Nina Burleigh À 4 Summary

Mirage Napoleon's Scientists and the Unveiling of Egypt Summary ☆ 104 Õ ❰KINDLE❯ ❂ Mirage Napoleon's Scientists and the Unveiling of Egypt Author Nina Burleigh – Connecfloor.co.uk Little than two hundred years ago only the most reckless or eccentric Europeans had dared traverse the uScientists risked their lives in pursuit of discovery They approached the land not as colonizers but as experts in their fields of scholarship meticulously categorizing and collecting their finds—from the ruins of the colossal pyramids to the smallest insects to the legendary Rosetta StoneThose who survived the three year expedition compiled an exhaustive encyclopedia of Egypt twenty three volumes in length which secured their place in history as the world's earliest known archaeologists Unraveling the mysteries that had befuddled Europeans for centuries Napoleon's scientists were the first to document the astonishing accomplishments of a lost civilization—before the dark shadow of empire building took Africa and the Middle East by stormInternationally acclaimed journalist Nina Burleigh brings readers back to a little known landmark adventure at the dawn of the modern era—one that ultimately revealed the deepest secrets of ancient Egypt to a very curious continent.

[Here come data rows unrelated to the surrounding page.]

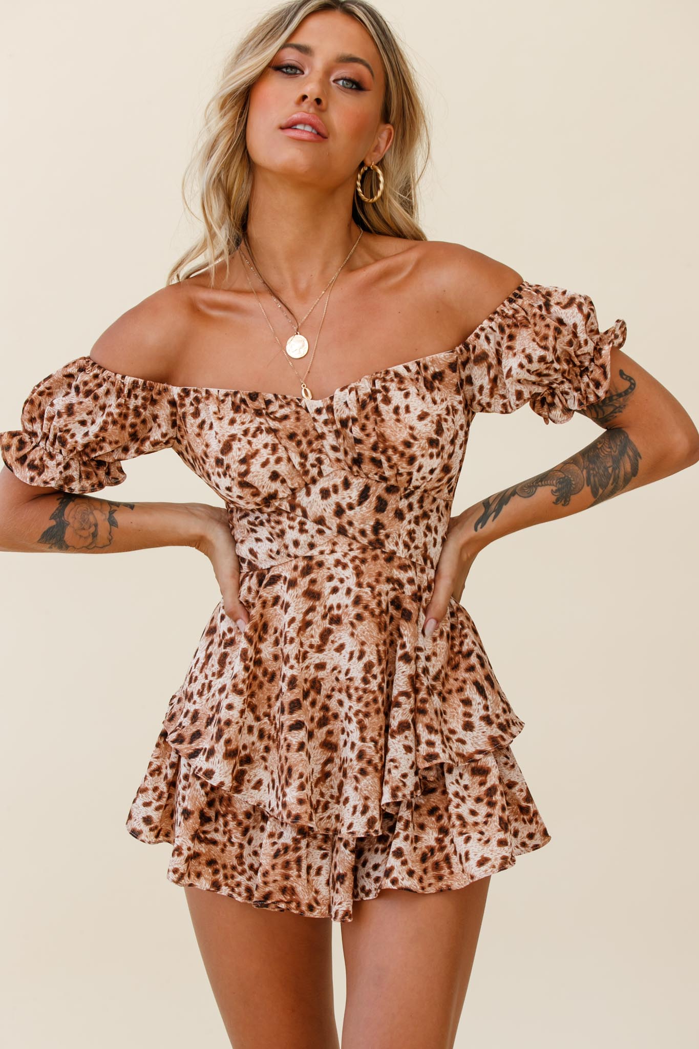 Stop what you are doing because this romper deserves a moment. Jaws will drop when you strut by in our adorable Linka Romper. Featuring an off-shoulder style and the cutest puff sleeves, we're in love! Perfect for a girls' night out paired with sky-high heels and statement earrings. Hello, gorgeous!
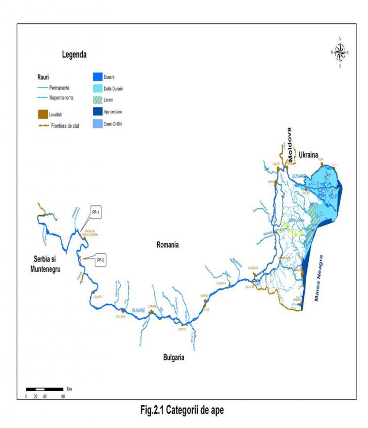 Pentru fluviul Dunarea toate corpurile identificate au fost desemnate provizoriu drept corpuri de apa puternic modificate
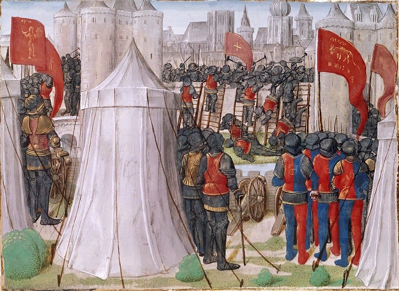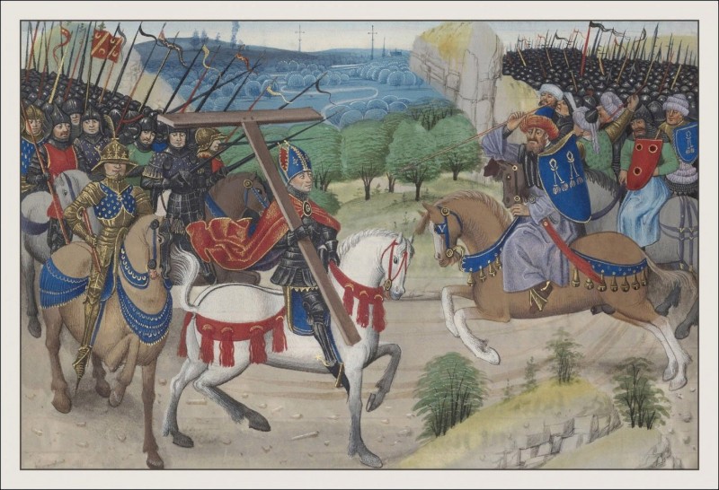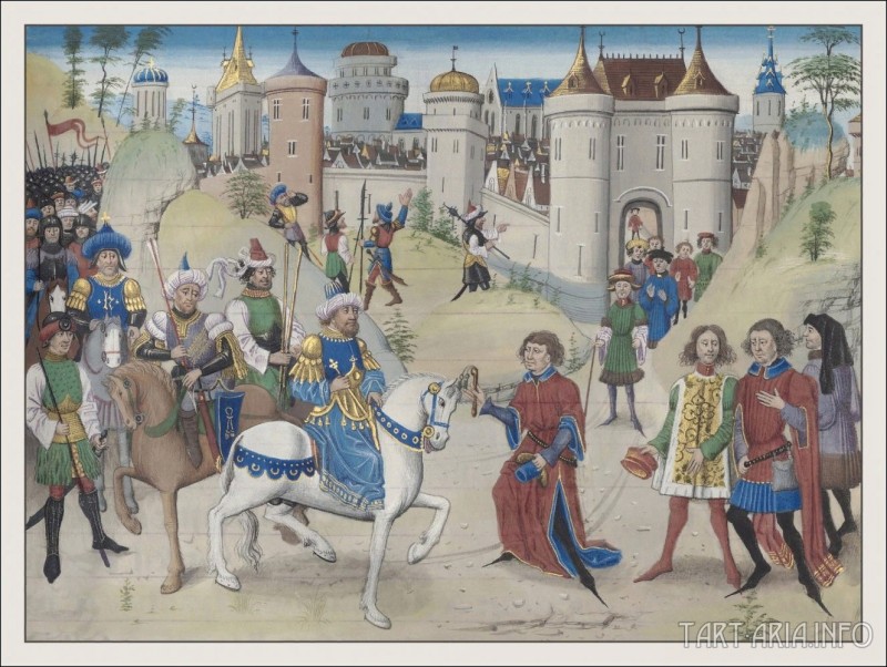 Ну, хорошо, возможно, кто-то скажет, что одна книга — это ещё не показатель. Может быть, стоит проверить другие источники по данному вопросу? Конечно, стоит! Именно так мы и сделаем. Нашим следующим объектом внимания станет книга под названием «Croniques abregies commençans au temps de Herode Antipas, persecuteur de la chrestienté, et finissant l'an de grace mil IIc et LXXVI», внутри которой есть очень интересные иллюстрации, описывающие времена крестовых походов. К примеру, на следующей иллюстрации изображено одно из крупнейших событий тех времён – осада Иерусалима войсками Саладина в 1187 году, завершившаяся капитуляцией крестоносцев:

Mirage Napoleon's Scientists and the Unveiling of Egypt Summary ☆ 104 Nina is an Scientists and PDF/EPUB ¾ award winning author and journalist She has written four books and has been published in the New Yorker Time New York and People among many other journals and rags She has occasionally shellacked her hair for television including Mirage Napoleon's PDF or Good Morning America Nightline and various programs on CNN and C Span as well as flogged books on NPR and countless radio outletsThe daughter of auth.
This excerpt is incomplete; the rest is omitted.